● **Task details**:
Lines from the one with "У січні 2026" up to and including the one with "主要是 ip range" are to be copied exactly from the records below, without their pictures.

+++ Given records

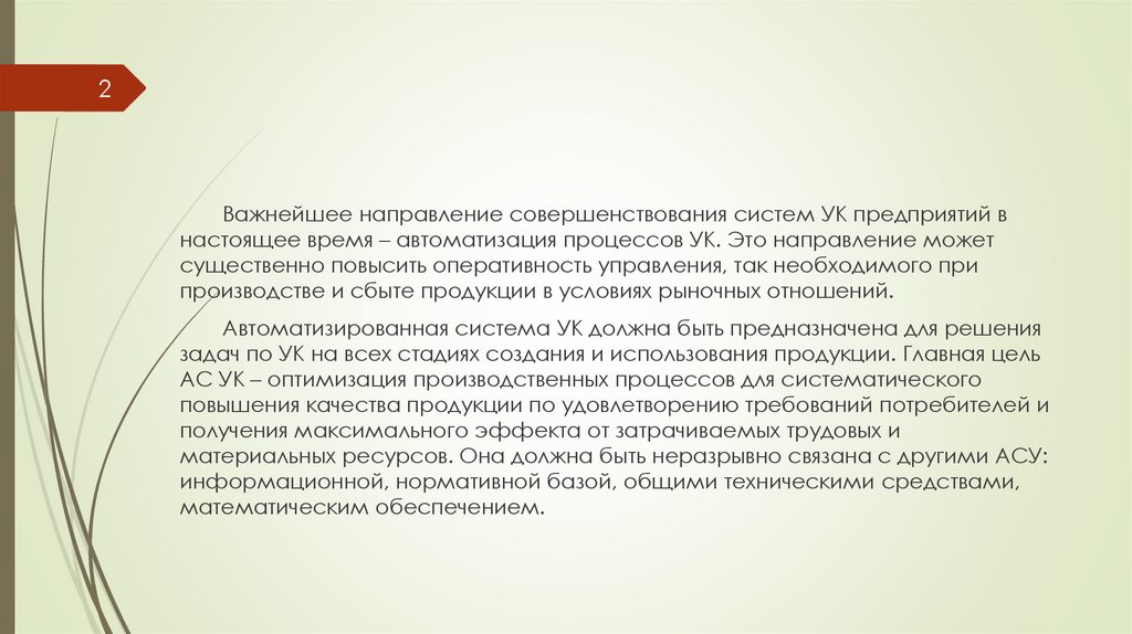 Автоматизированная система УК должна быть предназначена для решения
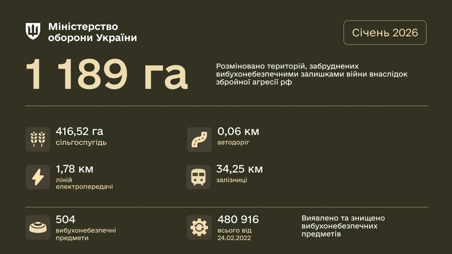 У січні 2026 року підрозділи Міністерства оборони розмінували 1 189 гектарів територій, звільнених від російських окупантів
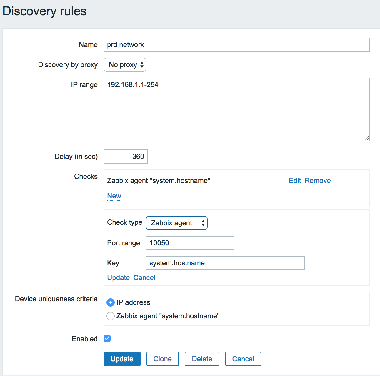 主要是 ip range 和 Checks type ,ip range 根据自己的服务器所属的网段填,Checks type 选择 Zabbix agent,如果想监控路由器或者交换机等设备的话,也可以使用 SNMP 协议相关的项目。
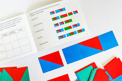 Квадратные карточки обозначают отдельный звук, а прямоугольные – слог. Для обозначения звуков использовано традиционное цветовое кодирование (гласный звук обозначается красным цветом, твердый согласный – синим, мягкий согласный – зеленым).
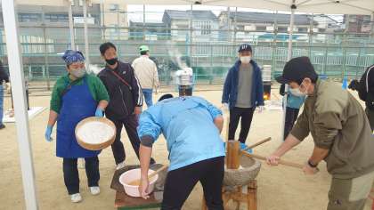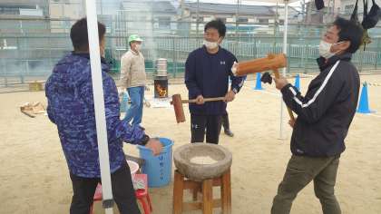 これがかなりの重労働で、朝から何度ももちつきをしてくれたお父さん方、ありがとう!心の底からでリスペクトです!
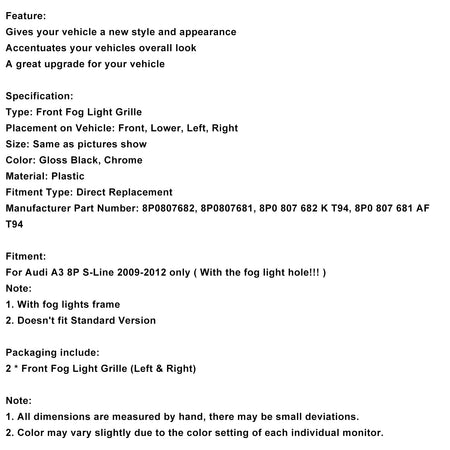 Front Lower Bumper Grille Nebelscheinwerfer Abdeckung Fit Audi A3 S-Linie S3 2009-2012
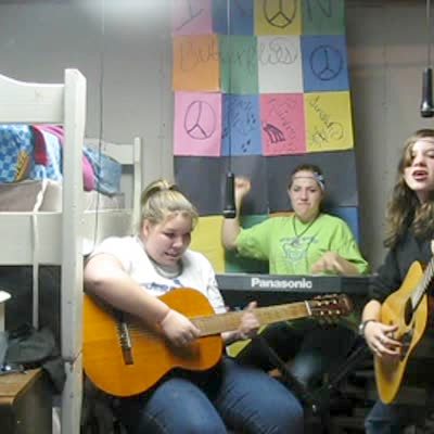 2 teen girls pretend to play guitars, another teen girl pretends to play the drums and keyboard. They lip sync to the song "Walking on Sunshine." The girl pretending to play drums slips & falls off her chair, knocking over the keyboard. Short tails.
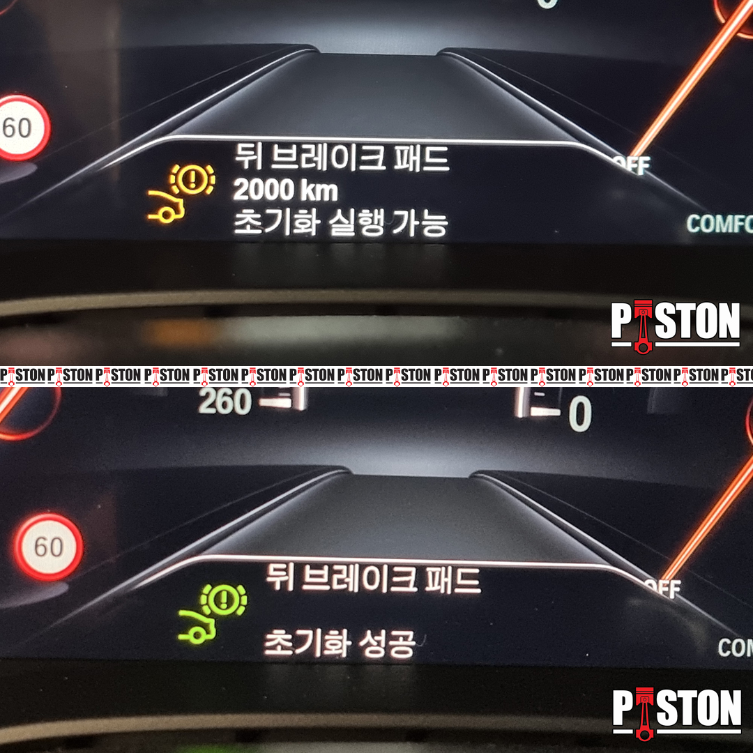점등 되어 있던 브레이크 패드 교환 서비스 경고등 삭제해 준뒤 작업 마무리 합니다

++++++

● **Exercise output**:
 У січні 2026 року підрозділи Міністерства оборони розмінували 1 189 гектарів територій, звільнених від російських окупантів
 主要是 ip range 和 Checks type ,ip range 根据自己的服务器所属的网段填,Checks type 选择 Zabbix agent,如果想监控路由器或者交换机等设备的话,也可以使用 SNMP 协议相关的项目。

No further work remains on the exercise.